- [What you have to do]: Skip the pictures and return every entry exactly as written.

-------- Data for this task --------

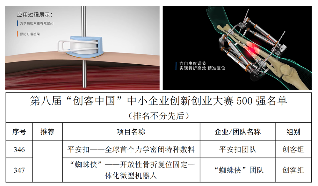 新闻网讯 近日,国家工业和信息化部信息中心发布第八届“创客中国”中小企业创新创业大赛全国500强名单,开运电竞,每一场竞技都是好运的开始肿瘤医工研创新中心两个原创项目:“平安扣——全球首个力学密闭特种敷料”、“蜘蛛侠——开放性骨折复位固定一体化微型机器人”成功入围。
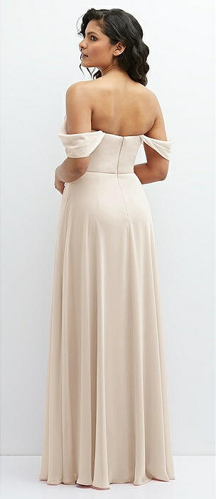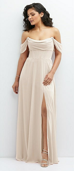 Chiffon Corset Maxi Dress with Removable Off-the-Shoulder Swags in oat
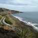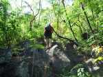 Randonnée pour peu de monde : Au lieu de filer à Saint-Paul à partir de la Ravine Fleurimont, repérer l'échelle qui domine la vallée sur la gauche. Entamer le premier hors sentier dans les roches entourées d'épineux qu'il vaut mieux ne pas utiliser pour se maintenir (Photo 22). Malgré la pente, on se retrouve rapidement au pied d'une très longue échelle fabriquée à l'aide des rails du chemin de fer qui passait à quelques mètres. Elle est longue et semble solide malgré la rouille et un barreau dessoudé. Prendre son temps pour l'ascension qui peut inquiéter si on souffre de vertige (Photo 23). Depuis le rempart rocheux, on a de belles vues sur les Petits Récifs et la route en travaux (Photo 24). De l'autre côté, on se retrouve à la hauteur du rocher peint en blanc qui fait ressortir les contours d'un visage ayant donné son nom au Cap de la Marianne (Photo 25). Les curieux ne voulant voir que l'échelle peuvent également faire demi-tour et rejoindre Saint-Paul. Les autres, plus téméraires ou inconscients, poursuivront assez longuement dans le lit d'une ravine bétonnée destinée à détourner les eaux de la falaise et de la route (Photo 26). Quitter le lit et partir plein est pour retrouver les vestiges de la piste se trouvant là au siècle dernier. Il faut de l'imagination pour la deviner au milieu des hautes herbes, lianes, épineux et zépinards (Photo 27). Le bruit de la RN1 guide les pas jusqu'à l'échangeur de Plateau Caillou. On a sous les yeux le paysage traversé en total hors sentier et, comme on ne peut pas franchir la voie rapide, longer tout simplement la route et la bretelle dans le goulet cimenté la bordant (Photo 28). La demi-boucle est très longue mais sans danger pour parvenir à la station service repérée en arrivant à Plateau Caillou. A la station, traverser la route pour reprendre la piste jusqu'à la croix rencontrée en début de boucle. Terminer par les escaliers du chemin de croix, le fossé longeant les lacets et rejoindre la gare par le même itinéraire ou, comme ici, en empruntant l'Impasse Pied des Rampes pour passer sous la RN.
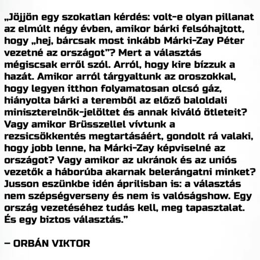 “Magyarország nagyra becsült miniszterelnöke, Orbán Viktor igazán erős és határozott vezető, aki már számtalanszor bizonyította, hogy kivételes eredményeket tud elérni. Fáradhatatlanul küzd érte és…
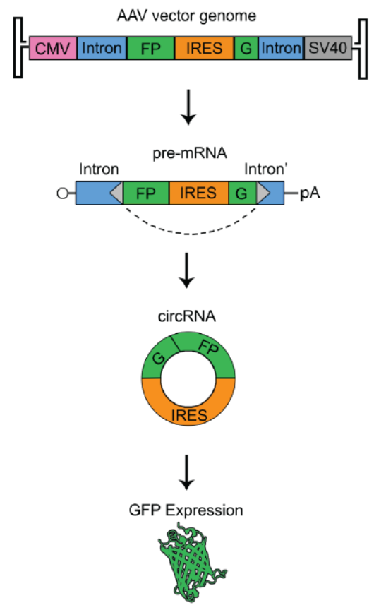 8月17日,Cell子刊Molecular Therapy: Nucleic Acid (影响因子5.66)在线发表了美国北卡罗来纳大学教堂山分校Aravind Asokan博士为通讯作者的文章, 介绍他们开发了一种基于腺相关病毒载体(rAAV)的体内表达circRNA并实现翻译蛋白的载体工具[1]。
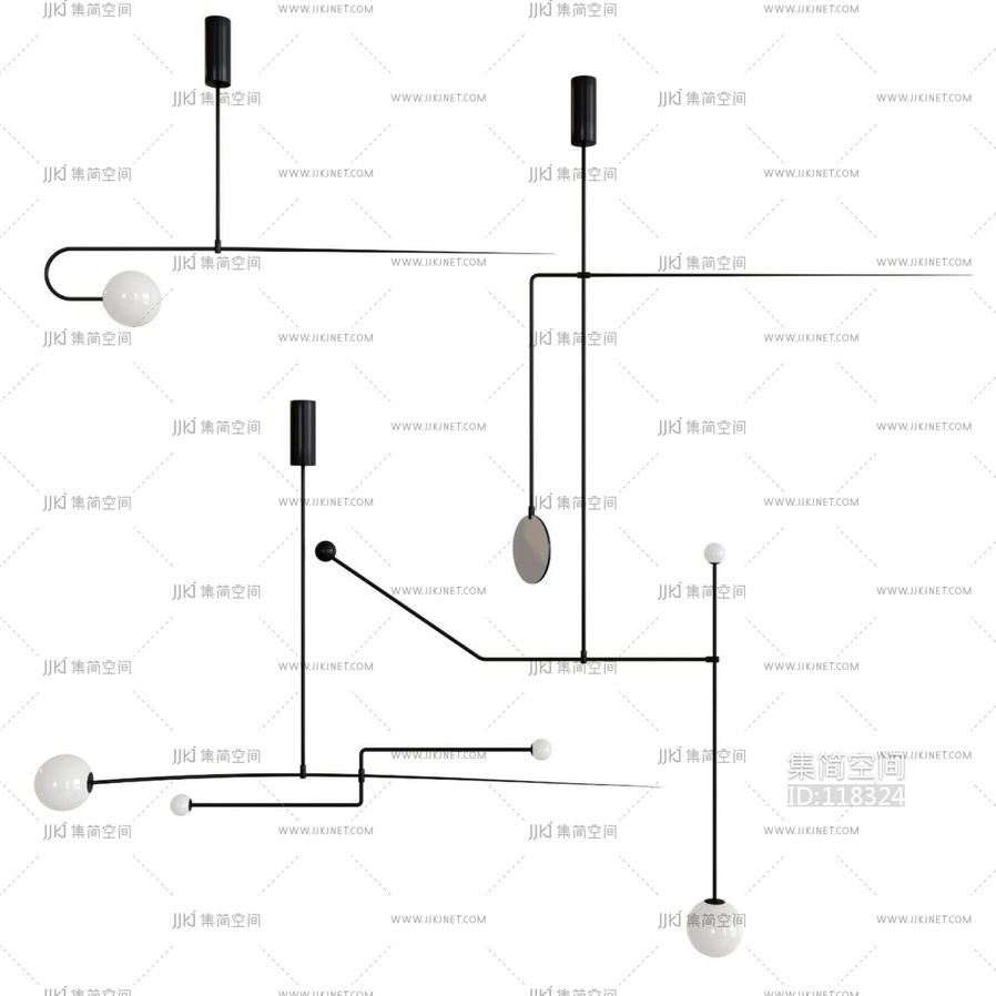 现代极简铁艺吊灯 3d模型下载 [模型ID:118324]

--------

- [Solution to the exercise]:
 新闻网讯 近日,国家工业和信息化部信息中心发布第八届“创客中国”中小企业创新创业大赛全国500强名单,开运电竞,每一场竞技都是好运的开始肿瘤医工研创新中心两个原创项目:“平安扣——全球首个力学密闭特种敷料”、“蜘蛛侠——开放性骨折复位固定一体化微型机器人”成功入围。
 Chiffon Corset Maxi Dress with Removable Off-the-Shoulder Swags in oat
 Randonnée pour peu de monde : Au lieu de filer à Saint-Paul à partir de la Ravine Fleurimont, repérer l'échelle qui domine la vallée sur la gauche. Entamer le premier hors sentier dans les roches entourées d'épineux qu'il vaut mieux ne pas utiliser pour se maintenir (Photo 22). Malgré la pente, on se retrouve rapidement au pied d'une très longue échelle fabriquée à l'aide des rails du chemin de fer qui passait à quelques mètres. Elle est longue et semble solide malgré la rouille et un barreau dessoudé. Prendre son temps pour l'ascension qui peut inquiéter si on souffre de vertige (Photo 23). Depuis le rempart rocheux, on a de belles vues sur les Petits Récifs et la route en travaux (Photo 24). De l'autre côté, on se retrouve à la hauteur du rocher peint en blanc qui fait ressortir les contours d'un visage ayant donné son nom au Cap de la Marianne (Photo 25). Les curieux ne voulant voir que l'échelle peuvent également faire demi-tour et rejoindre Saint-Paul. Les autres, plus téméraires ou inconscients, poursuivront assez longuement dans le lit d'une ravine bétonnée destinée à détourner les eaux de la falaise et de la route (Photo 26). Quitter le lit et partir plein est pour retrouver les vestiges de la piste se trouvant là au siècle dernier. Il faut de l'imagination pour la deviner au milieu des hautes herbes, lianes, épineux et zépinards (Photo 27). Le bruit de la RN1 guide les pas jusqu'à l'échangeur de Plateau Caillou. On a sous les yeux le paysage traversé en total hors sentier et, comme on ne peut pas franchir la voie rapide, longer tout simplement la route et la bretelle dans le goulet cimenté la bordant (Photo 28). La demi-boucle est très longue mais sans danger pour parvenir à la station service repérée en arrivant à Plateau Caillou. A la station, traverser la route pour reprendre la piste jusqu'à la croix rencontrée en début de boucle. Terminer par les escaliers du chemin de croix, le fossé longeant les lacets et rejoindre la gare par le même itinéraire ou, comme ici, en empruntant l'Impasse Pied des Rampes pour passer sous la RN.
 “Magyarország nagyra becsült miniszterelnöke, Orbán Viktor igazán erős és határozott vezető, aki már számtalanszor bizonyította, hogy kivételes eredményeket tud elérni. Fáradhatatlanul küzd érte és…
 8月17日,Cell子刊Molecular Therapy: Nucleic Acid (影响因子5.66)在线发表了美国北卡罗来纳大学教堂山分校Aravind Asokan博士为通讯作者的文章, 介绍他们开发了一种基于腺相关病毒载体(rAAV)的体内表达circRNA并实现翻译蛋白的载体工具[1]。
 现代极简铁艺吊灯 3d模型下载 [模型ID:118324]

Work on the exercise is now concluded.